It is sectional drawing of the principal part which shows the seal structure which concerns on 1st Embodiment of this invention. It is sectional drawing of the principal part which shows the seal structure which concerns on 2nd Embodiment of this invention. It is sectional drawing of the principal part which shows the seal structure which concerns on 3rd Embodiment of this invention. It is sectional drawing of the principal part which shows the seal structure which concerns on 4th Embodiment of this invention. It is sectional drawing of the principal part which shows the seal structure which concerns on 5th Embodiment of this invention. It is sectional drawing of the principal part which shows the seal structure which concerns on 6th Embodiment of this invention. It is a schematic sectional drawing of the indoor air-conditioning unit part 10 in the vehicle air conditioner using the seal structure which concerns on 7th Embodiment of this invention.
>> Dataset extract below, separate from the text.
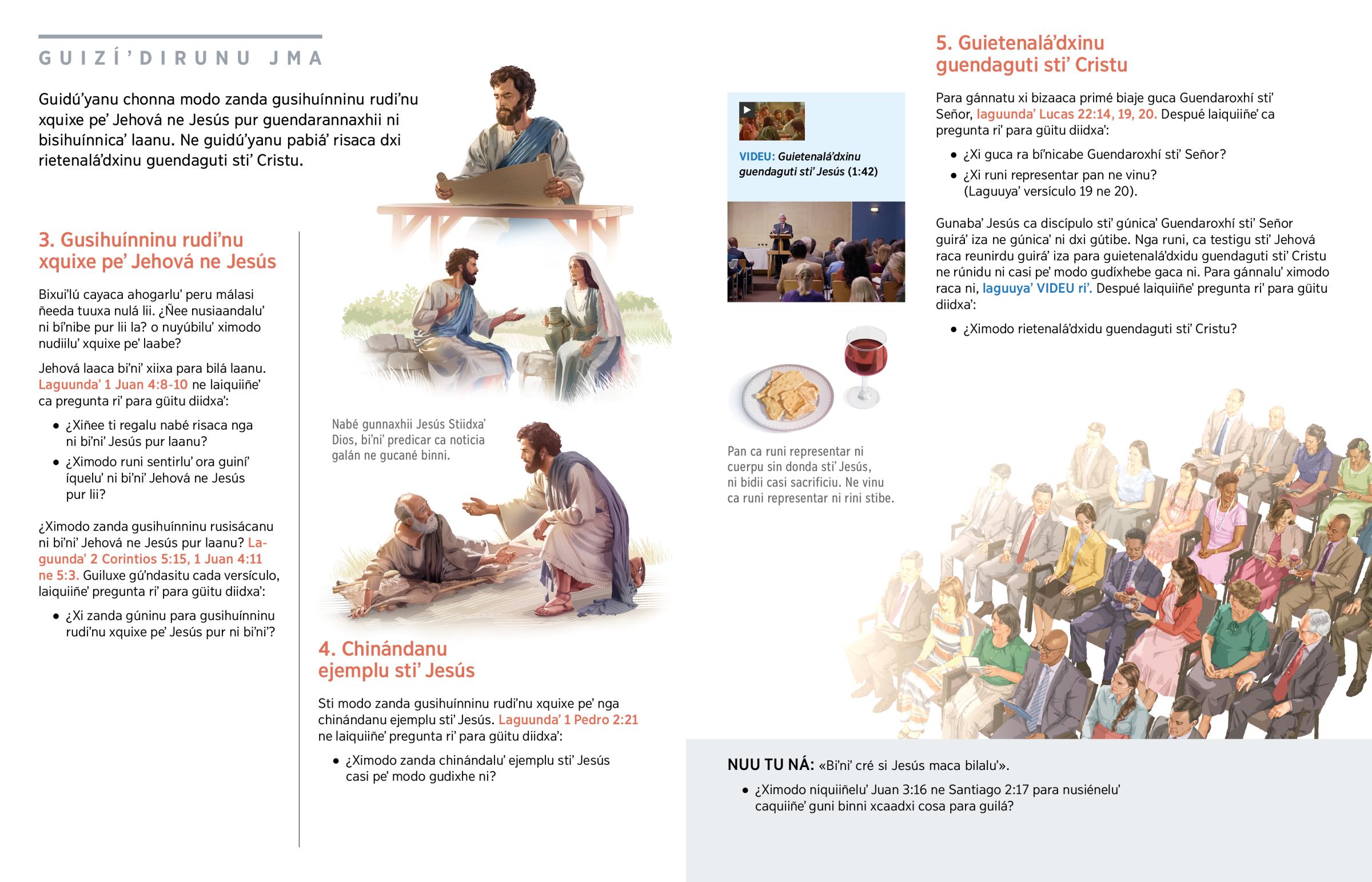 Gunabaʼ Jesús ca discípulo stiʼ gúnicaʼ Guendaroxhí stiʼ Señor guiráʼ iza ne gúnicaʼ ni dxi gútibe. Nga runi, ca testigu stiʼ Jehová raca reunirdu guiráʼ iza para guietenaláʼdxidu guendaguti stiʼ Cristu ne rúnidu ni casi peʼ modo gudíxhebe gaca ni. Para gánnaluʼ ximodo raca ni, laguuyaʼ VIDEU riʼ. Despué laiquiiñeʼ pregunta riʼ para güitu diidxaʼ: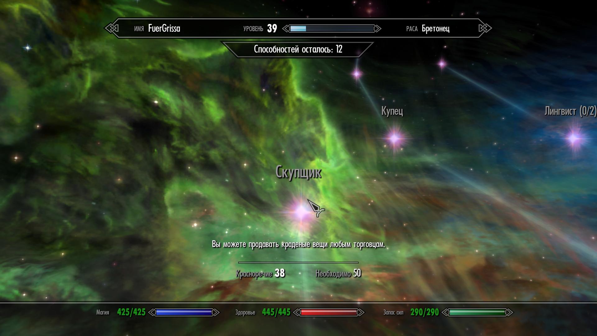 Реорганизация: "криминальные" перки (Подкуп стражи и Скупщик) вынесены влево, перки торговца (Очарование, Купец, Вкладчик, Великий торговец) в центре, а "разговорные" (Убеждение и Запугивание) справа. Отныне никакой мешанины.

It is sectional drawing which shows the heater core 15 and the coaxial double piping part 16 of FIG. It is an expanded sectional view of the seal part 33 in the coaxial double piping part 16 of FIG.

Explanation of symbols

  26, 200 ... second member, 31, 100 ... first member, 35, 300-330 ... sealing member, A ... rotating shaft.

Claims (11)

Between the first member (31, 100) and the second member (26, 200) that rotate relatively around the rotation axis (A), an annular seal member (35, 300 to 330) made of an elastic body is provided. It is a seal structure of the arranged rotating part,
The contact area between the first member (31, 100) and the seal member (35, 300 to 330) is the contact area between the second member (26, 200) and the seal member (35, 300 to 330). The rotating part seal structure characterized by being smaller than the above. The first member (31, 100) and the seal member (35, 300, 310) are in contact with each other at one line contact portion, and the second member (26, 200) and the seal member (35, 300, 310) are in contact with each other. The rotating structure seal structure according to claim 1, wherein a plurality of line contact portions are in contact with each other. The second member (26, 200) includes a groove (26d, 202) having a rectangular cross-sectional shape and an annular shape.
The groove (26d, 202) is a plane whose bottom (26e, 202a) is perpendicular to the rotation axis (A),
The seal member (35, 300) contacts the bottom (26e, 202a) of the groove and contacts at least one of the inner peripheral surface (26f, 202b) and the outer peripheral surface (26g, 202c) of the groove. The seal structure for a rotating part according to claim 2, wherein: The sealing structure for a rotating part according to claim 3, wherein the sealing member (35, 300) has a circular cross-sectional shape. The sealing member (310) has a cross-sectional shape having three or more top portions (310a, 310b),
The top portion (310a) is in contact with the first member (100), and the top portions (310b) are in contact with the second member (200). Rotating part seal structure. The seal structure of the rotating part according to claim 5, wherein the cross-sectional shape of the seal member (310) is V-shaped. The seal member (320, 330) has a cross-sectional shape having a top portion (320a, 330a) and a flat portion (320b, 330b),
The top part (320a, 330a) of the sealing member is in contact with the first member (100), and the flat part (320b, 330b) is in contact with the second member (200). Item 2. The rotating part seal structure according to Item 1. The seal structure of the rotating part according to claim 7, wherein the cross-sectional shape of the seal member (320) is a triangle. The sealing structure of a rotating part according to claim 7, wherein a cross-sectional shape of the seal member (330) is a D-shape. A seal structure of a rotating part in which an annular seal member (300) made of an elastic body is disposed between a first member (100) and a second member (200) that rotate relatively around a rotation axis (A). There,
A rotating part seal characterized in that a friction coefficient between the first member (100) and the sealing member (300) is smaller than a friction coefficient between the second member (200) and the sealing member (300). Construction. The first member (100) includes a contact member (110) that contacts the seal member (300) and a non-contact member (120) that does not contact the seal member (300).
The friction coefficient between the contact member (110) and the seal member (300) is smaller than the friction coefficient between the second member (200) and the seal member (300). Rotating part seal structure.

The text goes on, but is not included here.